A un quart d’heure de midi, nous quittâmes « Pompiers ». Un jeune conduisit la voiture et se gara à la sortie dudit garage. Sur place, il descendit et invita le vrai chauffeur, cinquantenaire, à le remplacer. A cet instant précis, notre voisin attira notre attention sur un fait inédit : la mise en marche ou l’arrêt du véhicule dépendait de l’association ou de la séparation de fils. Normal, le véhicule en question avait plus de 35 ans, à coup sûr.
Que d’appréhensions, alors. Nous pensions que ce « 7 places » n’assurerait pas. Arona, un client très taquin, assis à côté du conducteur formula des prières en vue d’un paisible voyage. A la fin, il lança :
-Vivement que tu aies des sous pour retaper ta caisse.
- Amine, répondit son interlocuteur.
Prés de l’échangeur de Hann, le chauffeur nous fit savoir que si nous le voulions, nous passerions par l’autoroute à péage. Il dira aussi qu’il donnerait la moitié de la somme requise. Nous nous cotisâmes malgré le refus de notre voisin de participer à cette quête. Celui-ci fait prévaloir ses principes.
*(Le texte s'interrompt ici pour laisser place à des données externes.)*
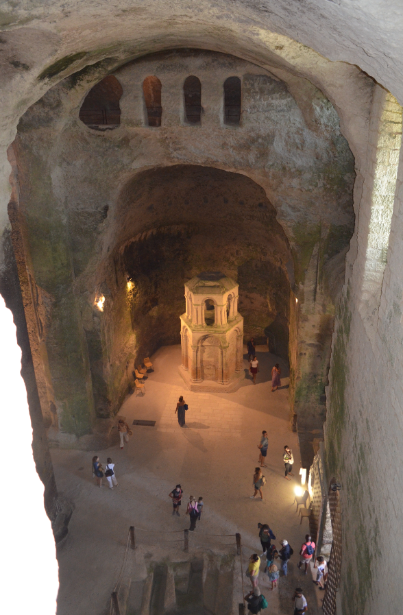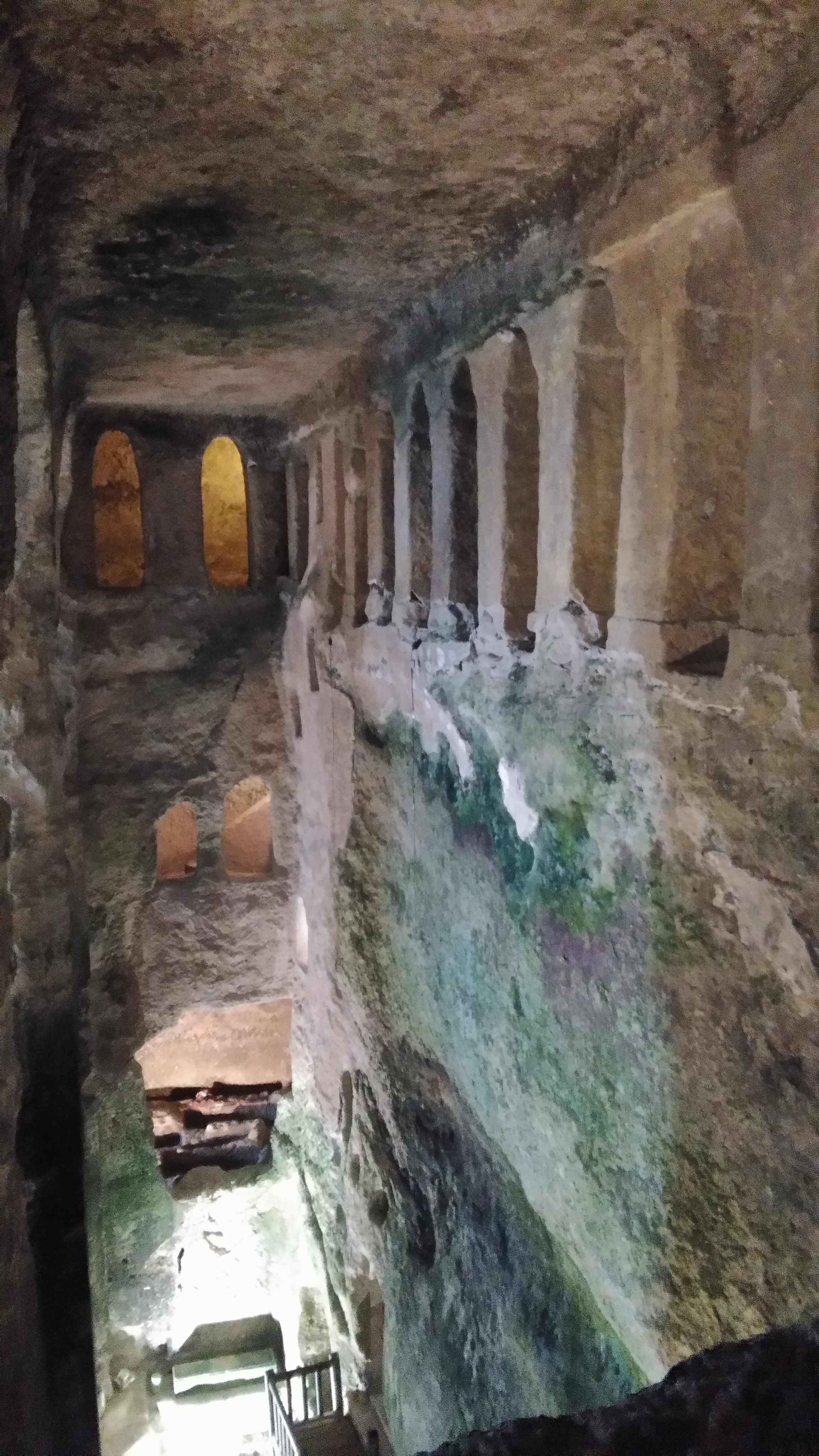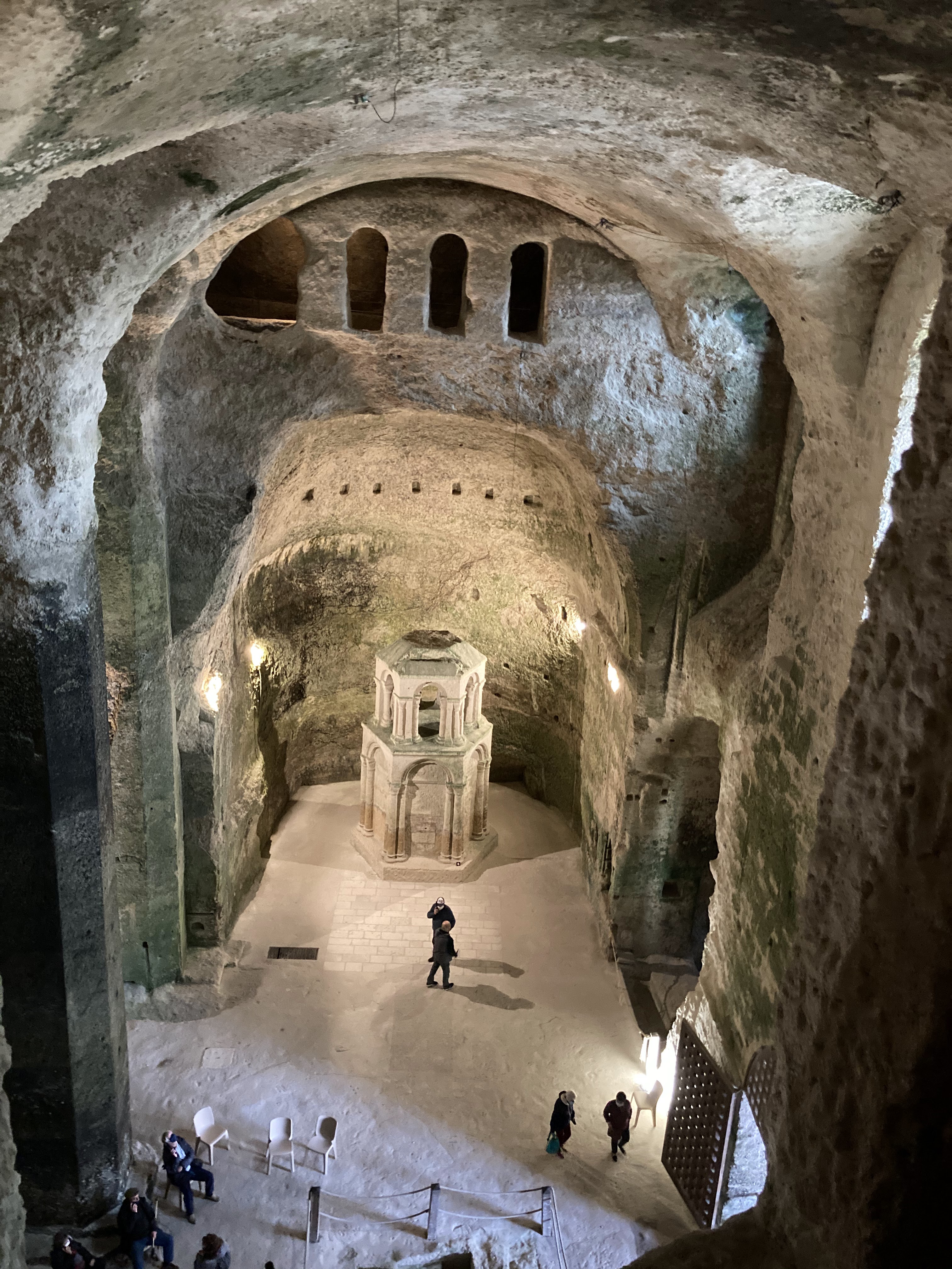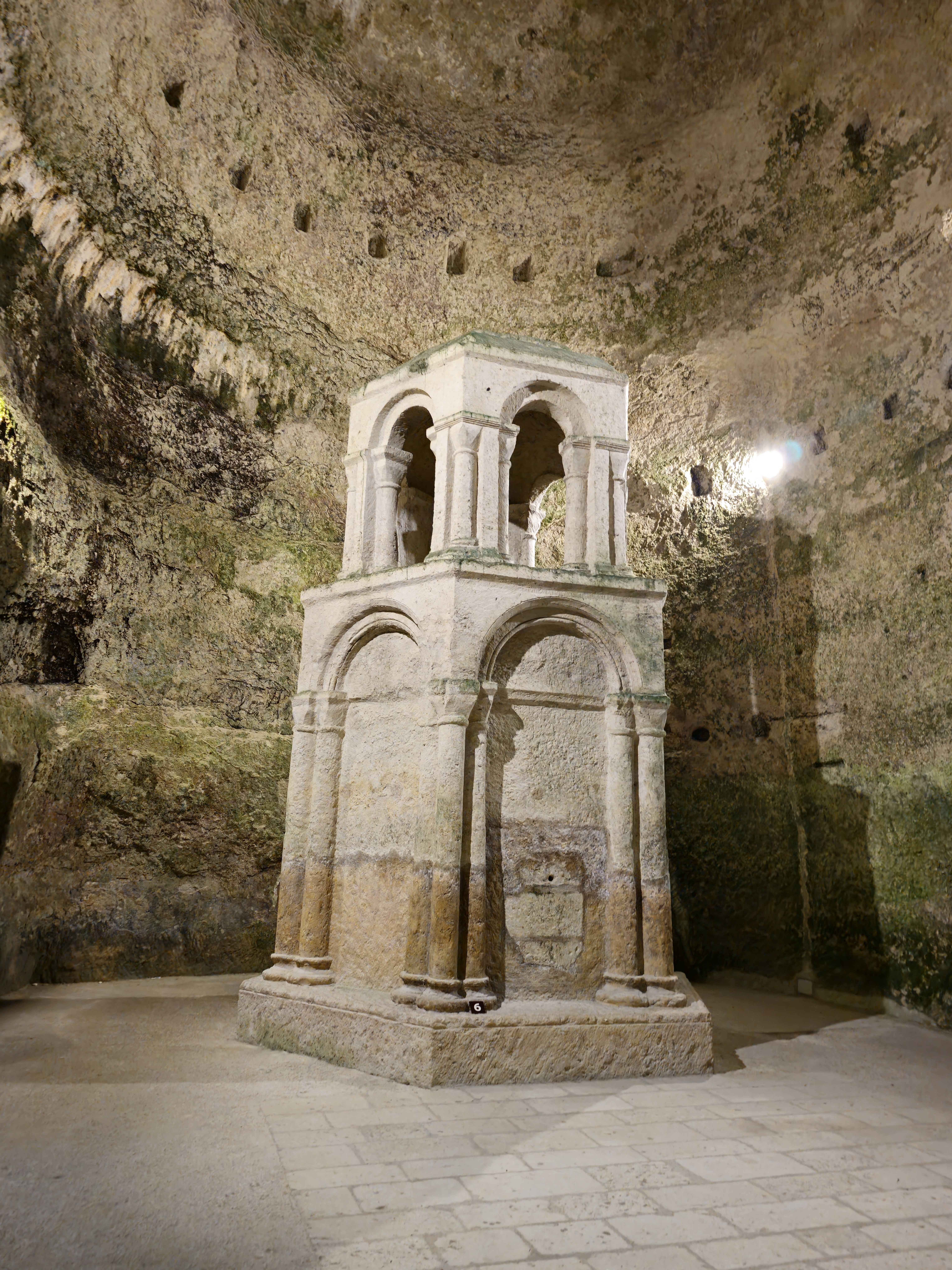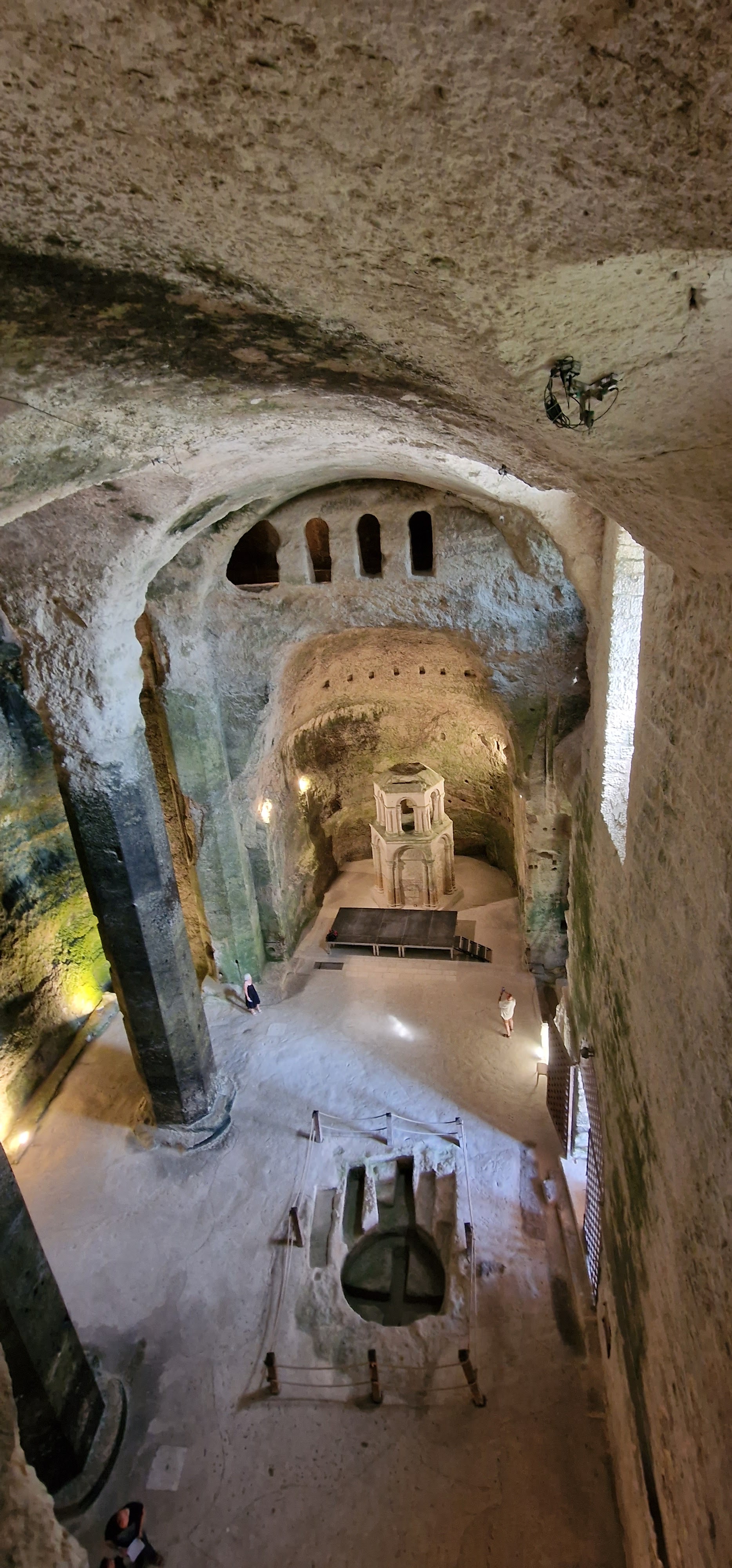 Grandiose et fascinante. Des églises ou des chapelles troglodytes, j’en avais déjà visité, mais là, on est dans les dimensions d’une cathédrale. Les immenses colonnes situées dans la nef qui accueille les visiteurs sont terriblement impressionnantes. Nos ancêtres du moyen-âge, habités par la foi, ont démontré par cet ouvrage un immense courage, des connaissances techniques et des savoir-faire exceptionnels. Sa nef grandiose, son reliquaire monumental taillé à même la roche, sa nécropole de 200 tombes, son ossuaire, son déambulatoire à plus de 10 mètres de hauteur m’ont laissé des souvenirs que je crois inoubliables.

Une des clientes qui se trouvait derrière avait du mal à se faire à cette initiative. Pour elle, il revenait au chauffeur le devoir de s’acquitter du ticket aux différentes gares de péage : Thiaroye et Rufisque.
Arona nous tenait en haleine tout au long du voyage, du moins tant qu’il ne dormait pas. Il était à court de forfait téléphonique et avait du mal à s’y faire. Vainement, il voulut qu’on lui envoya du ‘seddo’. Pour déstresser, il se contentait de tenter d’envoyer des messages avec à la clé, à chaque fois un bruit strident symbole de notification : message non envoyé.
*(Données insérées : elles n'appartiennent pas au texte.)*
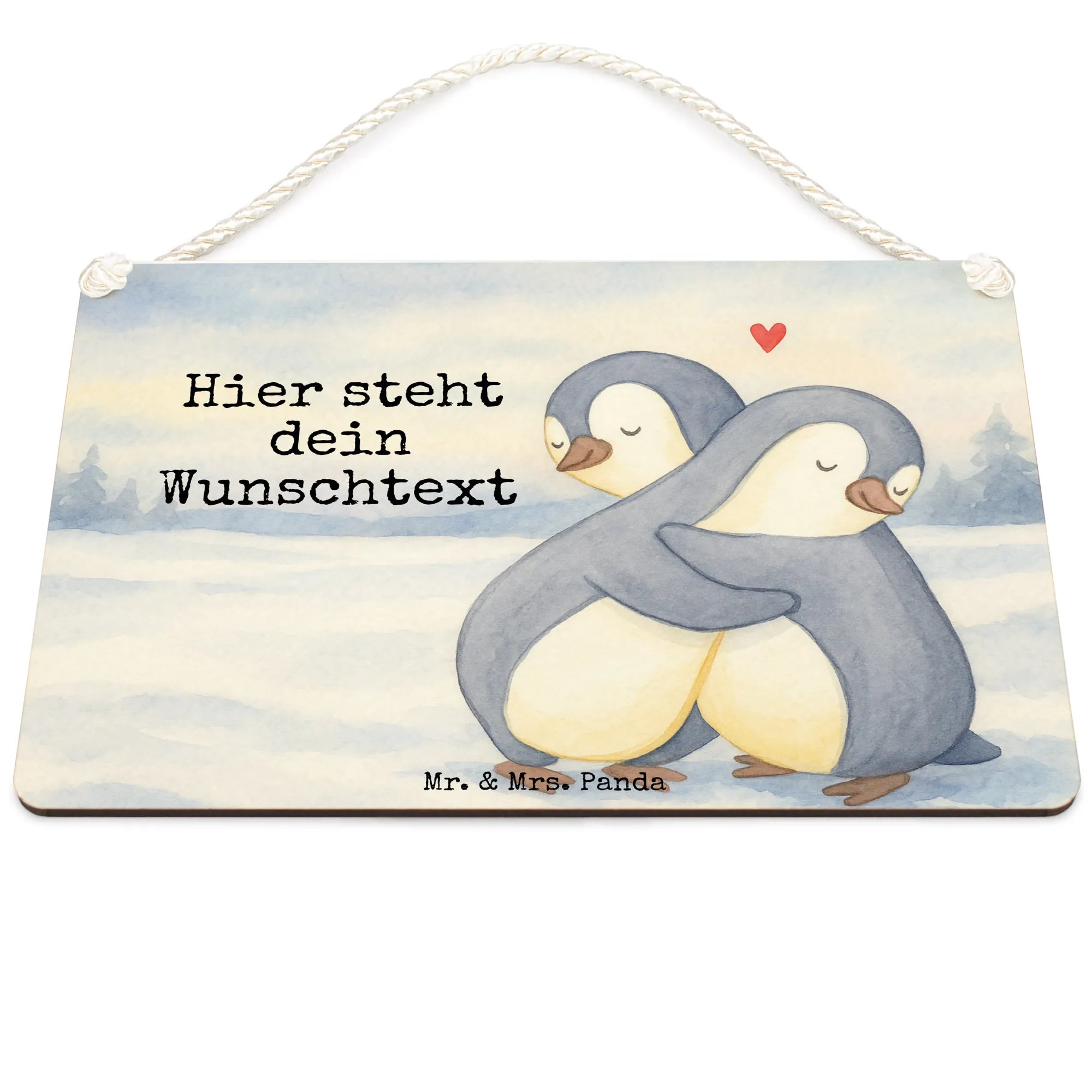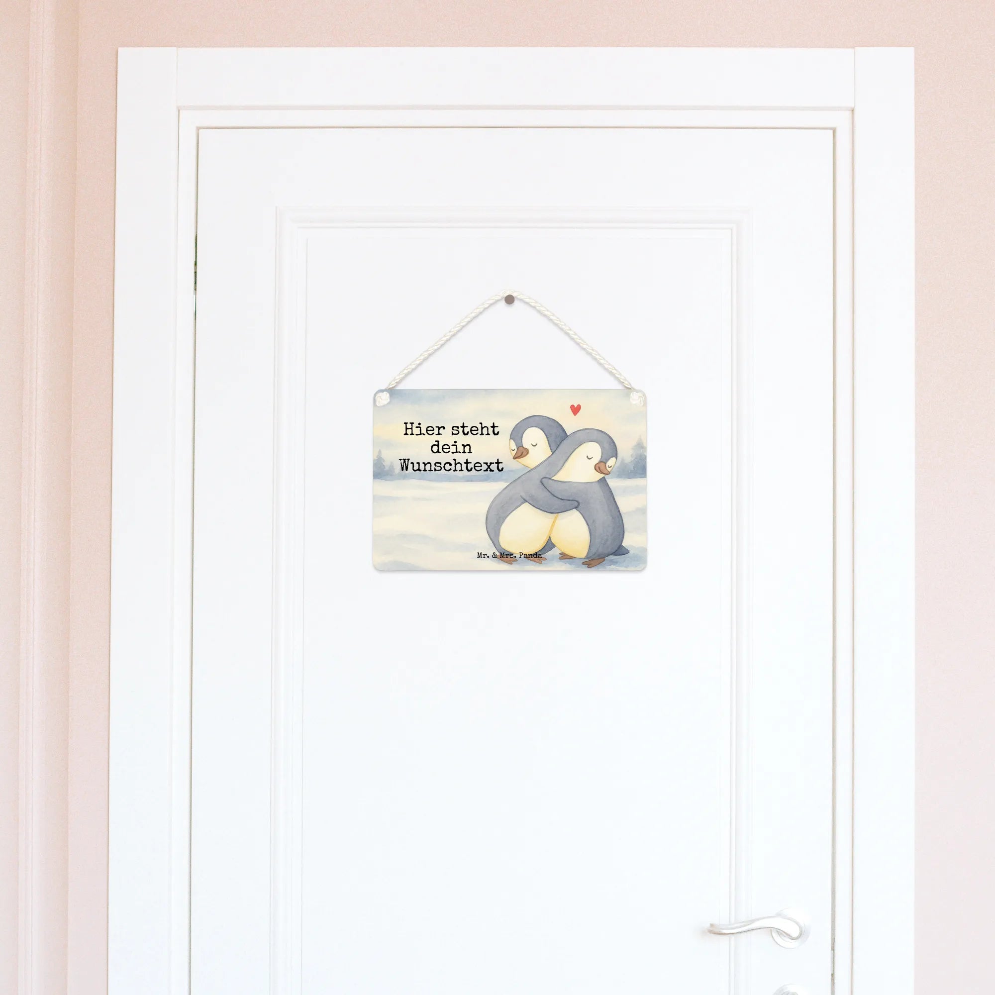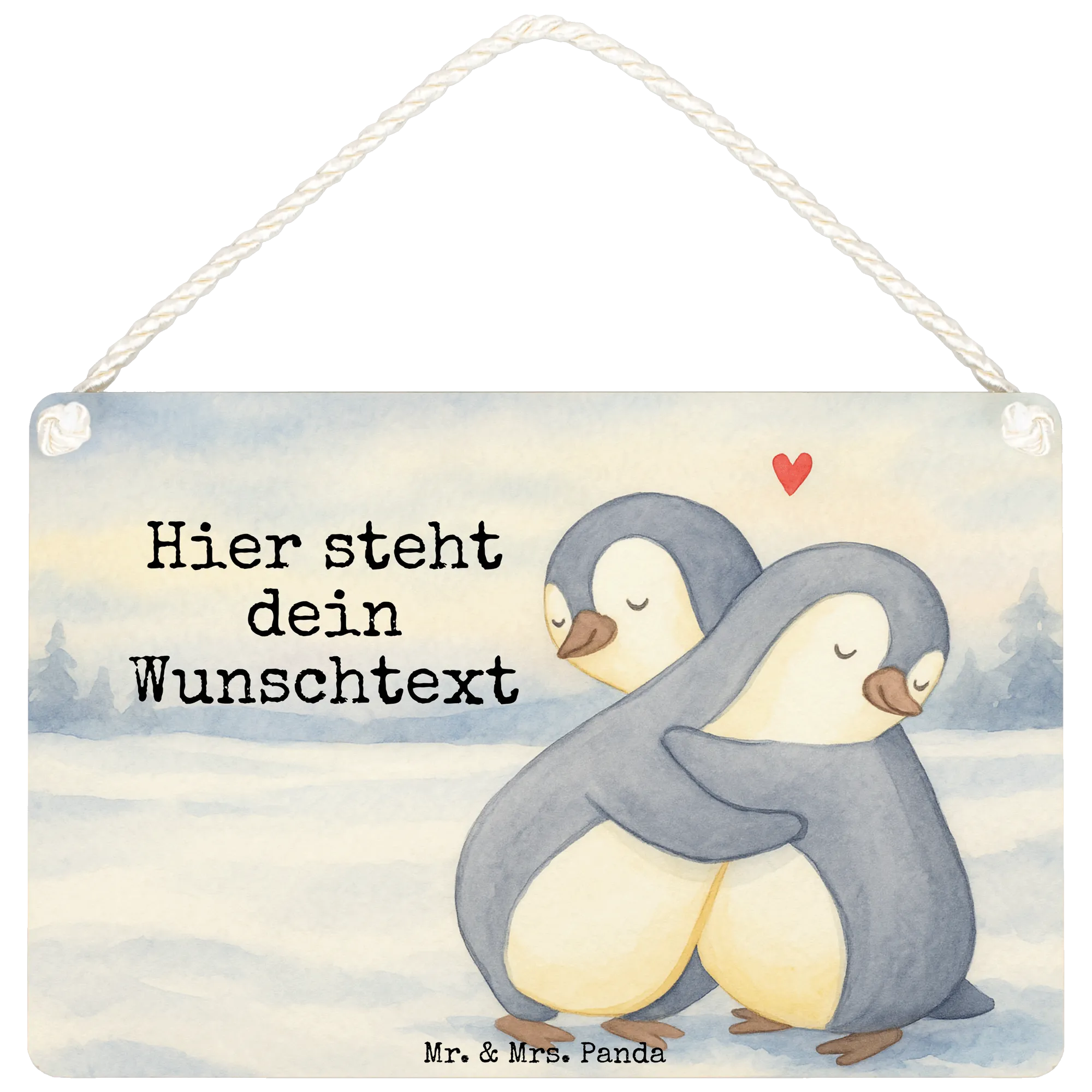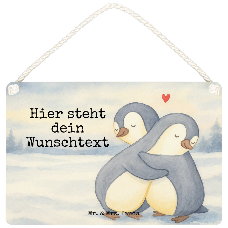 Personalisiertes Deko Schild Pinguine Kuscheln Design - DIN A6

A l’entrée de Kébémer, le chauffeur présenta au policier en faction ses papiers : il était apparemment en règle. Etonnant quand on sait qu’on a beau tenter de voir ce qui était normal dans ce véhicule. Aucune aiguille ne fonctionnait sur le tableau de bord, de Dakar à Saint Louis la ceinture de sécurité était juste posée en bandoulière pour donner l’impression de l’avoir attaché, deux à trois arrêts pour resserrer des écrous sur la jante, etc.
Arona et le chauffeur se donnèrent en spectacle : ils ont échangé des mots. Arona voulut téléphoner à partir du terminal du chauffeur ce que ce dernier refusa. Plus loin, le chauffeur qui portait un tee-shirt du politicien Ameth Fall Braya ne vit pas un dos d’âne de fortune prés de Louga. Il passa à toute vitesse. Arona hocha la tête, en signe de désolation.
Nous disions : « c’est pas intéressant ». Arona nous le reprocha. Il renchérissait :
- Arrêtez de dire « c’est pas intéressant ». C’est pourquoi nous sommes toujours sous développés.
Vers 16heures vingt minutes, nous arrivâmes à Saint Louis. Avant de nous séparer, nous discutions et évoquions l’état des véhicules « 7 places ». Le constat était fait : la plupart des véhicules retrouvés dans les gares r routières devraient être recyclés. La sécurité des Sénégalais est en jeu.